Content starts

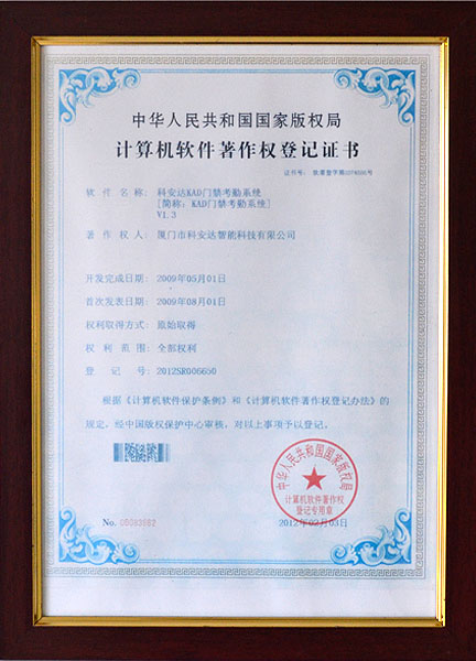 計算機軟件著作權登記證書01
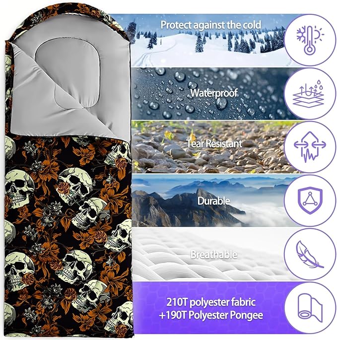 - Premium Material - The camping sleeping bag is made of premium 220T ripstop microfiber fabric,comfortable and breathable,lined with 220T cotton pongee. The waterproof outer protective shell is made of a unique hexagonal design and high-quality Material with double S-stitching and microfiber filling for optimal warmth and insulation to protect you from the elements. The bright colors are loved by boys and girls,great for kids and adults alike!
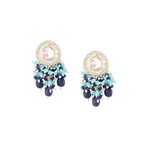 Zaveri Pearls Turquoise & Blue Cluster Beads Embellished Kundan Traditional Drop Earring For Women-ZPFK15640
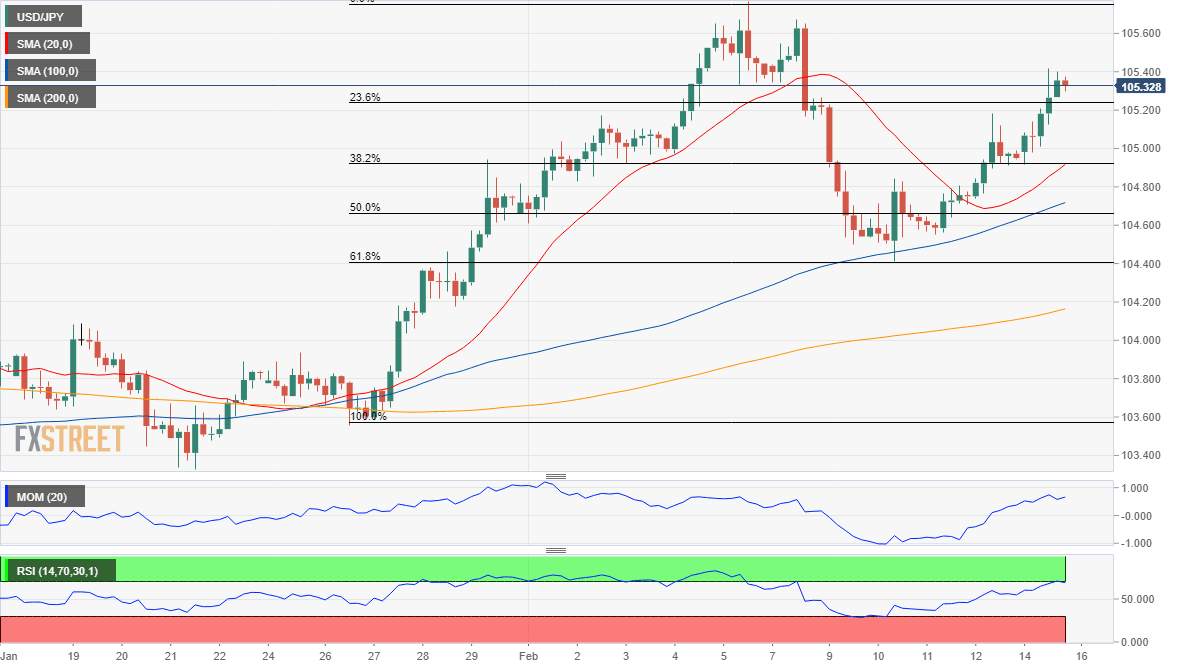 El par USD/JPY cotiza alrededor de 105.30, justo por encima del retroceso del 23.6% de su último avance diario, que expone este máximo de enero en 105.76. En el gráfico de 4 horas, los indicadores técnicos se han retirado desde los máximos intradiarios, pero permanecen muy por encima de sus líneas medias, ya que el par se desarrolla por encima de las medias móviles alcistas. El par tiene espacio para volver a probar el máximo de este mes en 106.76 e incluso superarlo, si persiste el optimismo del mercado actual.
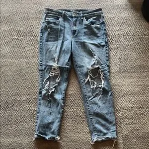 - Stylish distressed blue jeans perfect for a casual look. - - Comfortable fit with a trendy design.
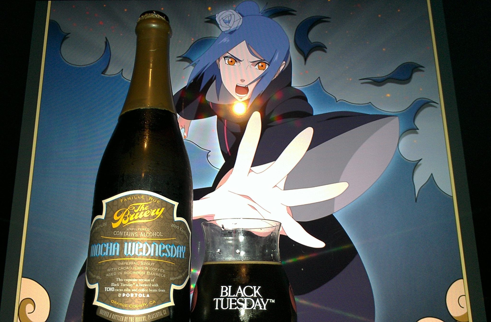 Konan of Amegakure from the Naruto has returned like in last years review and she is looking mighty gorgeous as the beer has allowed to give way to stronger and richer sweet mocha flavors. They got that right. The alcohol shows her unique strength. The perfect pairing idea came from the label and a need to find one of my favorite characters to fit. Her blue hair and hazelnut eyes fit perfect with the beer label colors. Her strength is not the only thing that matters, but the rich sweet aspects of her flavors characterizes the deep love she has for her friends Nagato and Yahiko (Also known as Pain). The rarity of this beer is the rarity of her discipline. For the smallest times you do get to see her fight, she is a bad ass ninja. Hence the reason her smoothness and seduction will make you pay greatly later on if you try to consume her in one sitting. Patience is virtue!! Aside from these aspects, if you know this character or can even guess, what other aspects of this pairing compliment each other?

Content ends
Content starts

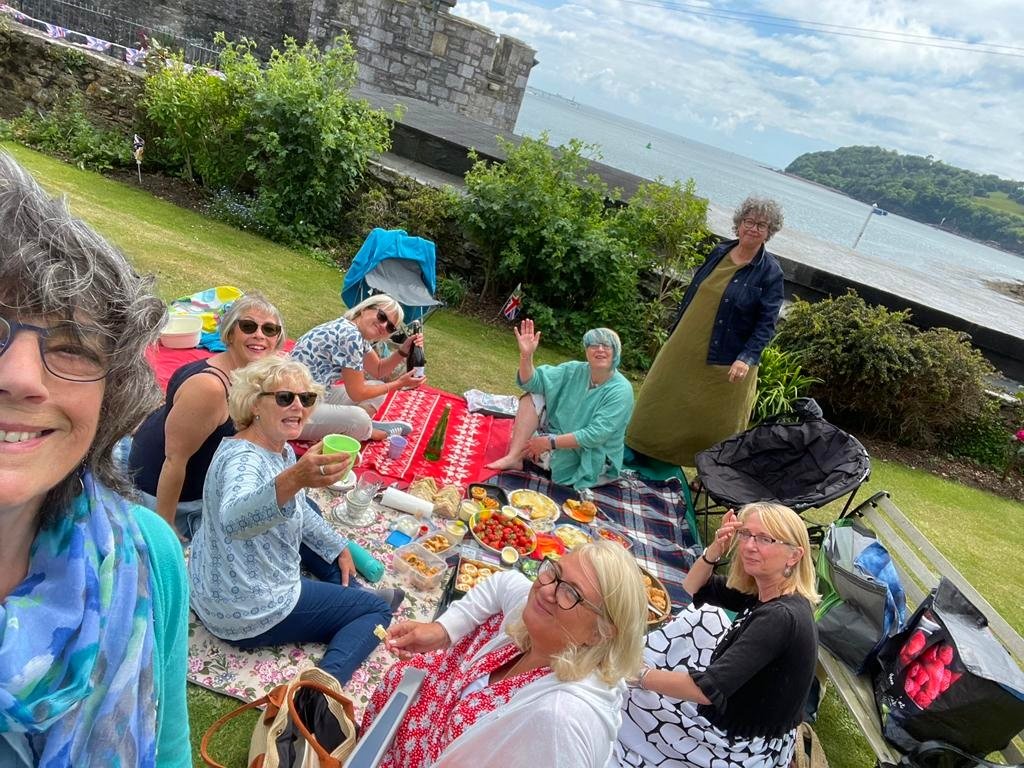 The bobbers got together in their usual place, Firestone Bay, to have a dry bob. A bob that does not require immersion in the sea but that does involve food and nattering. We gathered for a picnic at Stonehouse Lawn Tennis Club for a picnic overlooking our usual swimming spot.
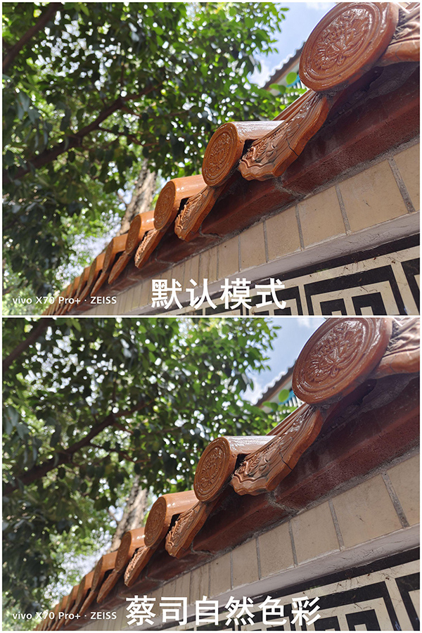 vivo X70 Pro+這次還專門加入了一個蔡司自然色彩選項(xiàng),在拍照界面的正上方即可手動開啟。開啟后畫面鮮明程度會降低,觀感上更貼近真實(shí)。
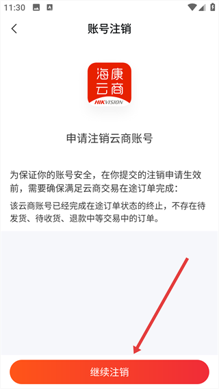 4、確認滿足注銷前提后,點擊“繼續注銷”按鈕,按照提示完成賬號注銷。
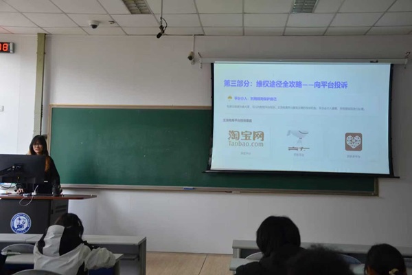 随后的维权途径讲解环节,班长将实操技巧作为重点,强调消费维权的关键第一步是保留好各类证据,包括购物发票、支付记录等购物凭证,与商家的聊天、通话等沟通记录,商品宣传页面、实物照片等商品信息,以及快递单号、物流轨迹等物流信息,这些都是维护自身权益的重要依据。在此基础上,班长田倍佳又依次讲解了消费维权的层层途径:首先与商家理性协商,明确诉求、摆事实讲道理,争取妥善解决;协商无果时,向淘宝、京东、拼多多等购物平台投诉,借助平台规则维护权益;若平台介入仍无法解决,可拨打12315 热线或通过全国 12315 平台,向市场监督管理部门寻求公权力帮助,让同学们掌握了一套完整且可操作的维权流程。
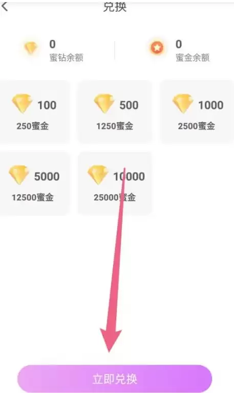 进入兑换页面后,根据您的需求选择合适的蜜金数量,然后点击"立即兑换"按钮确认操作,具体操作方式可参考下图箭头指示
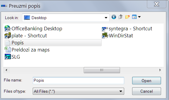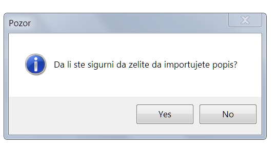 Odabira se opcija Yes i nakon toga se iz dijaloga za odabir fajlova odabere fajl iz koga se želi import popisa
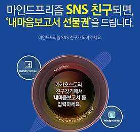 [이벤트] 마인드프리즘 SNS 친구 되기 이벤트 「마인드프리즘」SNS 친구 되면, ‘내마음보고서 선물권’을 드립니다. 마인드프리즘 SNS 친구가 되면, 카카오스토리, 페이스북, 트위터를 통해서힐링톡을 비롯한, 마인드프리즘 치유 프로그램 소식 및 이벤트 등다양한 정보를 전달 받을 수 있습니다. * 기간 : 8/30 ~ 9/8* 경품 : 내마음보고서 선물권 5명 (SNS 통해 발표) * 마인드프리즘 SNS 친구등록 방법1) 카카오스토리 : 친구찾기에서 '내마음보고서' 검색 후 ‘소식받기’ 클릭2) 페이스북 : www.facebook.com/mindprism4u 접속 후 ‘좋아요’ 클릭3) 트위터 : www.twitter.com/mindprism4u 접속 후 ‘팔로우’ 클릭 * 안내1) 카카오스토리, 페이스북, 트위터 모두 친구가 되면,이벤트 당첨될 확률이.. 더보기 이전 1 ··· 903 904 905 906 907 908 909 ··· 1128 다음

Content ends

Task >> Transcribe, exactly and without pictures, everything in the data from the line with "Zaveri Pearls Turquoise" down to the line with "El par USD/JPY", both included.

Response below >>
 Zaveri Pearls Turquoise & Blue Cluster Beads Embellished Kundan Traditional Drop Earring For Women-ZPFK15640
 El par USD/JPY cotiza alrededor de 105.30, justo por encima del retroceso del 23.6% de su último avance diario, que expone este máximo de enero en 105.76. En el gráfico de 4 horas, los indicadores técnicos se han retirado desde los máximos intradiarios, pero permanecen muy por encima de sus líneas medias, ya que el par se desarrolla por encima de las medias móviles alcistas. El par tiene espacio para volver a probar el máximo de este mes en 106.76 e incluso superarlo, si persiste el optimismo del mercado actual.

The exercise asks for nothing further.